What the task requires
In the records that follow, locate every line with "before" and extract it.

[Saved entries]
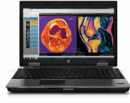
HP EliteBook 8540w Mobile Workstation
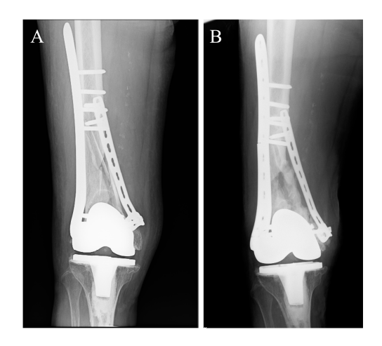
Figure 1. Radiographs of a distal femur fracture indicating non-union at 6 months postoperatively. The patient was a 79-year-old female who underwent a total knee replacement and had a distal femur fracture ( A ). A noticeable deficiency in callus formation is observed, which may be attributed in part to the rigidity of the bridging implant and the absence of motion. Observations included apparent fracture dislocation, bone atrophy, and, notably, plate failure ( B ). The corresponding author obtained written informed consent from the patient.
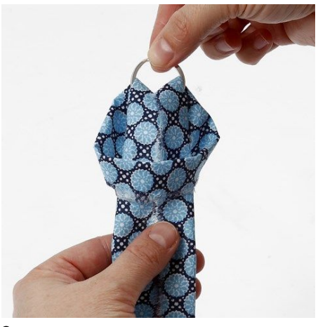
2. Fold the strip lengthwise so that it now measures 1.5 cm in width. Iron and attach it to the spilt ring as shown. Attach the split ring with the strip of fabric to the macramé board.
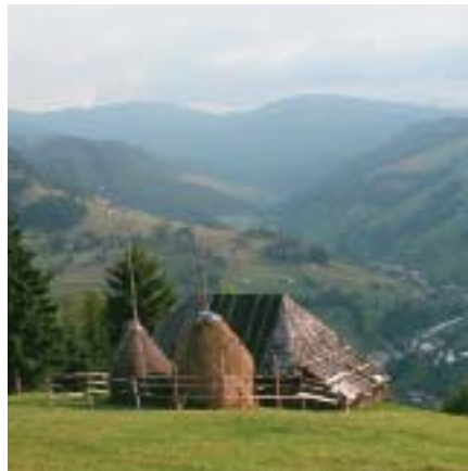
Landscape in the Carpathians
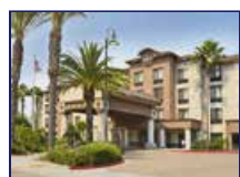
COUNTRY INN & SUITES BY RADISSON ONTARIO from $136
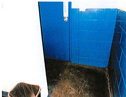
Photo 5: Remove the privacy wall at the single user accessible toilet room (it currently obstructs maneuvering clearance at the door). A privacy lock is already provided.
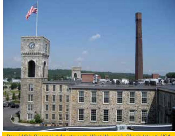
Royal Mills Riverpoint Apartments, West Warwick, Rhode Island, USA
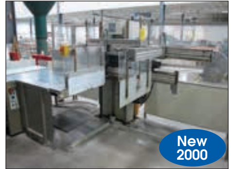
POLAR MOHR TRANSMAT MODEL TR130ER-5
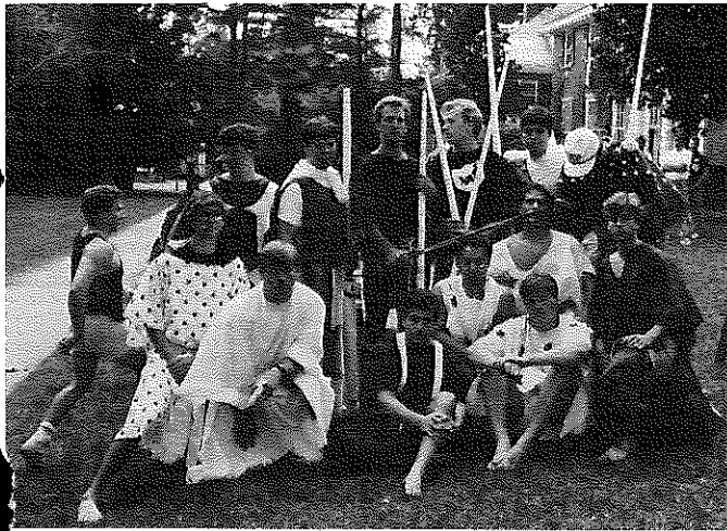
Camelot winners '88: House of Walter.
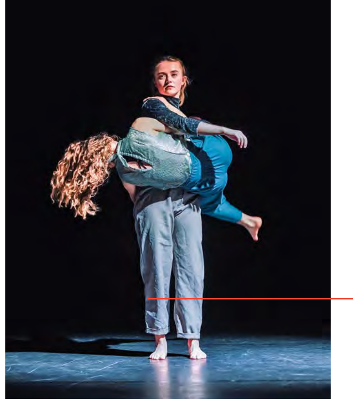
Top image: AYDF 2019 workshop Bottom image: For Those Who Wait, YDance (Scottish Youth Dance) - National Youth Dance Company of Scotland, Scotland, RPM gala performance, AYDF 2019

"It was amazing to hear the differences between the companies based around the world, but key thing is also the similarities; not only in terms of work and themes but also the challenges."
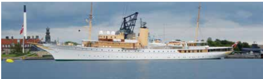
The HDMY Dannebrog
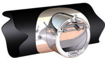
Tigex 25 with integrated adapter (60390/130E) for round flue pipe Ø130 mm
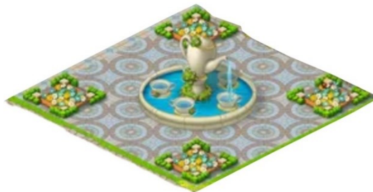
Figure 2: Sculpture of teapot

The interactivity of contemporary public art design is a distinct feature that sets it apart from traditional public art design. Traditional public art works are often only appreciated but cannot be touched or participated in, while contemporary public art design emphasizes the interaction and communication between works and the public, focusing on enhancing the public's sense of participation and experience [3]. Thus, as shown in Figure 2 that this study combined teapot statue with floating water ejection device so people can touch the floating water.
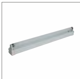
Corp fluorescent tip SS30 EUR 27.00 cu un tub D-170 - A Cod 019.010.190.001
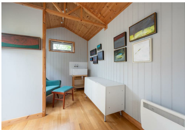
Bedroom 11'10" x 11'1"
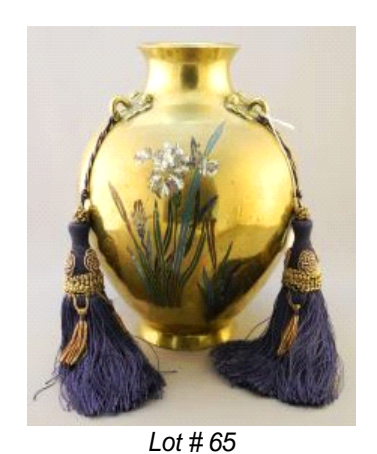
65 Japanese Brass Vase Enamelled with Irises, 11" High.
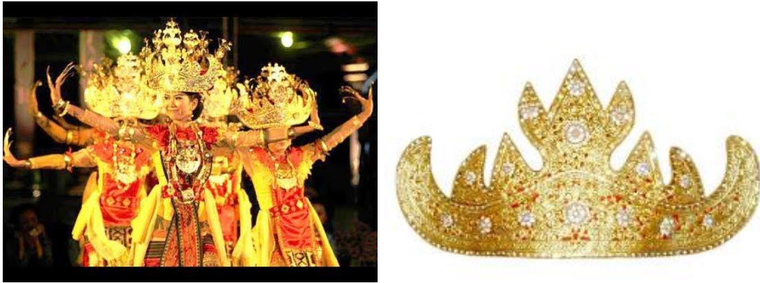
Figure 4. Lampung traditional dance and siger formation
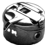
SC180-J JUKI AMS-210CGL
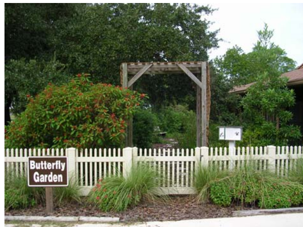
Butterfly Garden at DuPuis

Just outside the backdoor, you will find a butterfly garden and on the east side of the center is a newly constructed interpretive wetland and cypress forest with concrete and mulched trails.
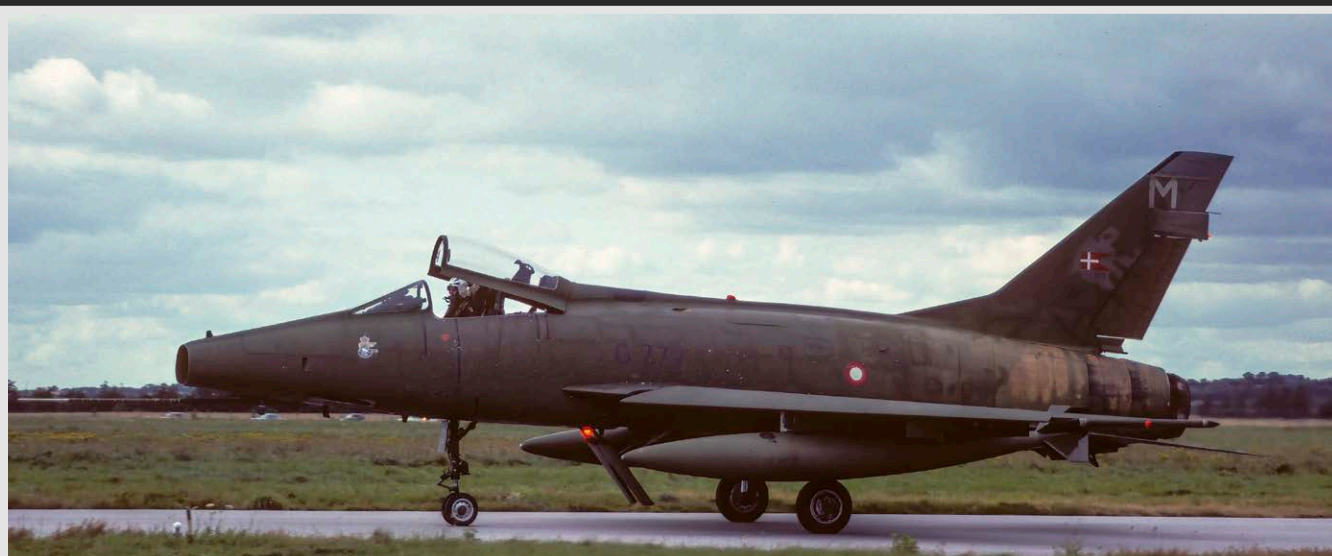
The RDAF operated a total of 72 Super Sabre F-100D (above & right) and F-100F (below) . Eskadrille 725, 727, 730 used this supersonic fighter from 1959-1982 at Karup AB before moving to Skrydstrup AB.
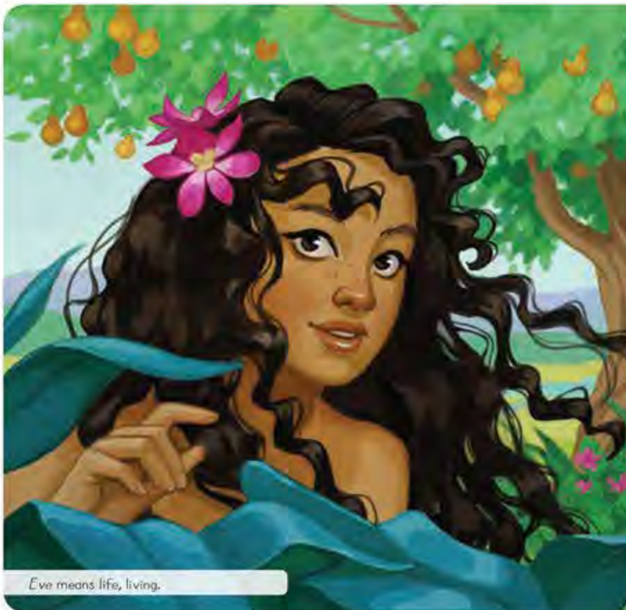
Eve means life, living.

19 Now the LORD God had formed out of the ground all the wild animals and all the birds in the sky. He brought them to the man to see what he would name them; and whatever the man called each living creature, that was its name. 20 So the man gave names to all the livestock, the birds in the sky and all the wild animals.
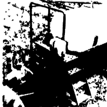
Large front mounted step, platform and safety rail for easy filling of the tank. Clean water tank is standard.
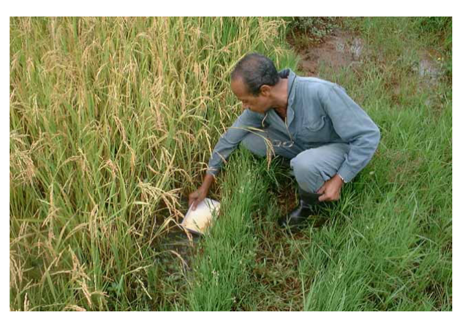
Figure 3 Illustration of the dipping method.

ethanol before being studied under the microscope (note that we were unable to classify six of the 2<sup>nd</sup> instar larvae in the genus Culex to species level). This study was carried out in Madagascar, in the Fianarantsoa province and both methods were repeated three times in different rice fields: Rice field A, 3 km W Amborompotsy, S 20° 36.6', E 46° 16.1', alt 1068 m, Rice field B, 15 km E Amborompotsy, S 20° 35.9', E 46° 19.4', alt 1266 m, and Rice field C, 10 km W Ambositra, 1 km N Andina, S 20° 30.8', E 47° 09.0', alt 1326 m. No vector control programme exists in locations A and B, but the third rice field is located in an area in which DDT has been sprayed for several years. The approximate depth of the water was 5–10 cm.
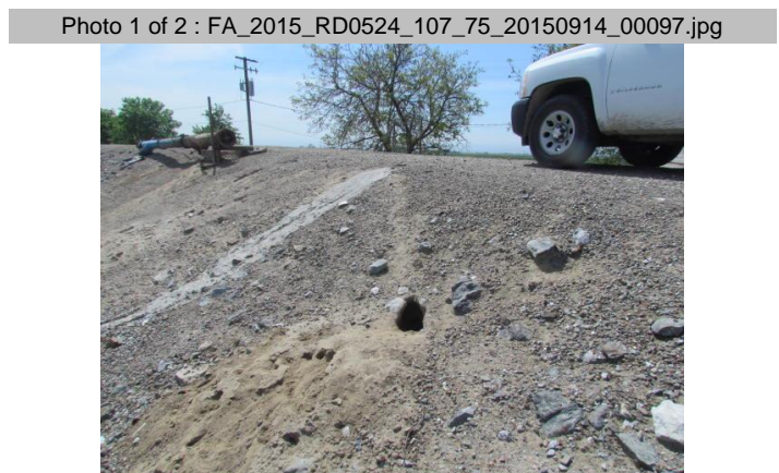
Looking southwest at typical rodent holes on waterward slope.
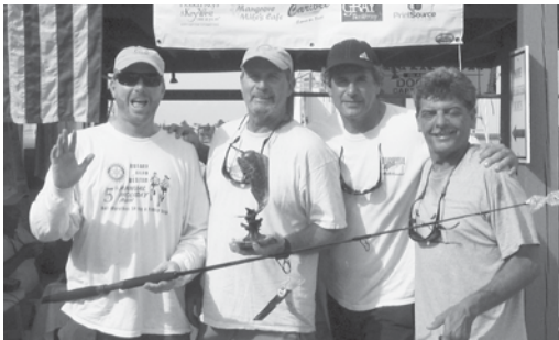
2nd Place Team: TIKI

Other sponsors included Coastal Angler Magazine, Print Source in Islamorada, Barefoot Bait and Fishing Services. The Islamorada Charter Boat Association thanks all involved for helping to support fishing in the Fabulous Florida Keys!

Written response
The RDAF operated a total of 72 Super Sabre F-100D (above & right) and F-100F (below) . Eskadrille 725, 727, 730 used this supersonic fighter from 1959-1982 at Karup AB before moving to Skrydstrup AB.
ethanol before being studied under the microscope (note that we were unable to classify six of the 2<sup>nd</sup> instar larvae in the genus Culex to species level). This study was carried out in Madagascar, in the Fianarantsoa province and both methods were repeated three times in different rice fields: Rice field A, 3 km W Amborompotsy, S 20° 36.6', E 46° 16.1', alt 1068 m, Rice field B, 15 km E Amborompotsy, S 20° 35.9', E 46° 19.4', alt 1266 m, and Rice field C, 10 km W Ambositra, 1 km N Andina, S 20° 30.8', E 47° 09.0', alt 1326 m. No vector control programme exists in locations A and B, but the third rice field is located in an area in which DDT has been sprayed for several years. The approximate depth of the water was 5–10 cm.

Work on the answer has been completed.